It’s always nice to reminisce about one’s athletic glory days. While it has been almost 30 years since Joe Forenza played basketball at North Bergen High School, the current vice principal at Guttenberg’s Anna L. Klein School was recently given a chance to relive the past when he was inducted into the North Bergen Basketball Wall of Fame.
“When you’re playing, you really don’t get a chance to look at it and think you did something great,” Forenza said. “But now, I can look back and realize that the accomplishments were truly special.”
Forenza, who graduated in 1974, averaged 23.5 points for every game during his senior season, missing out on the Hudson County scoring championship by one-tenth of a point to the immortal Jackie Gilloon of Memorial.
Forenza, who earned First Team All-County and Second Team All-Group IV state honors that season, also scored 51 points in a single game against Hoboken, which remains as the third-highest single scoring game in the history of Hudson County basketball.
Only Dan Callandrillo’s 64-point game while playing for North Bergen in 1978, and Randy Chave’s total of 56 while playing for Emerson in the 1950s, eclipse the 51-point total Forenza had that fateful evening in an 80-56 North Bergen victory.
Ironically, both Callandrillo, as a player, and Chave, as a coach, are also members of the North Bergen Basketball Wall of Fame.
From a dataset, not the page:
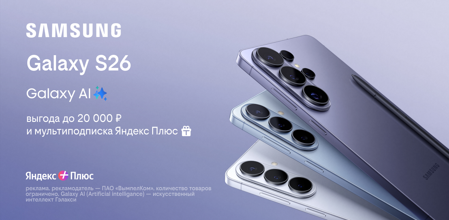 с 3 до 26 марта 2026 года в интернет-магазине и с 6 до 26 марта 2026 года в офисах продаж, покупая смартфоны Samsung Galaxy серии S26 с подпиской Яндекс Плюс, можно получить выгоду до 6990 рублей от розничной цены смартфона

Forenza is the ninth member of the elite group.
Last year, the North Bergen team that won the NJSIAA Group IV State championship in 1977 earned induction as a group.
Forenza remembers the great game against Hoboken, a game where he shot 23 of 33 from the floor and five of five from the free-throw line, as if it happened yesterday, particularly because Chave was on the bench as an assistant coach to the legendary Matty Sabello.
“Although I was coming close to his record, Randy Chave put me back into the game to try to get it,” Forenza said. “We had a comfortable lead, but it was his unselfishness that enabled me to get close. It was a great personal achievement for me.”
Forenza said that he learned a lot from playing for Sabello, who is also a member of the wall of fame, and Chave – so much so that it encouraged him to pursue a career in coaching as well.
“I really enjoyed my playing days in North Bergen,” Forenza said. “Matty and Randy were great people to learn from. They taught me about basketball and they taught me about life. I respected them both tremendously. Coach Sabello gave me a chance to play varsity as a sophomore and that helped me a lot. He was a great person and coach.”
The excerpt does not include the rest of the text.